Background: Obesity and metabolic syndrome are being recognized as major risk factors of chronic disease, and their prevalence has been showing a steady increase over the past decade in Korea. In obesity and metabolic syndrome management, diet has bee...
Background: Obesity and metabolic syndrome are being recognized as major risk factors of chronic disease, and their prevalence has been showing a steady increase over the past decade in Korea. In obesity and metabolic syndrome management, diet has been emphasized as a key modifiable lifestyle factor, including the time aspect of nutritional intake. Chrononutrition is an emerging research area within nutritional science that explores the connection among nutritional intake, circadian rhythms, and health. The timing of eating is a potent synchronizing factor that is able to reset circadian clocks. Therefore, the mistiming of eating can result in circadian disruption, which in turn, can trigger adverse metabolic health. Despite growing evidence, current research on time-related eating behaviors is focused on its individual aspects, when time-related eating behaviors are interrelated.
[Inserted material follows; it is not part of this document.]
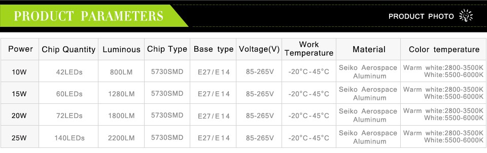 New Arrival 5730 SMD Aluminum PCB 85-265V 110V 220V E27 E14 42LEDs Real high power 10W LED corn bulb light Energy Saving Lamp

Objectives: Here we identify different time-related eating patterns through cluster analysis, and examine the association of time-related eating patterns with obesity and metabolic syndrome.
Methods: Data from 17808 participants aged 19 or older from the Korea National Health and Nutrition Examination Survey (KNHANES) 2016–2021 were analyzed in this cross-sectional study.
Dietary information was obtained through a 24-h dietary recall, and obesity and metabolic syndrome were defined using anthropometric measurements, blood pressure measurements, and laboratory tests of blood samples that were part of the KNHANES. Time-related eating patterns were derived by applying k-means cluster analysis with four dietary exposures (morning energy proportion, evening energy proportion, number of eating occasions, and eating window). Multivariable-adjusted logistic regression models were used to investigate associations of time-related eating patterns with obesity and metabolic syndrome.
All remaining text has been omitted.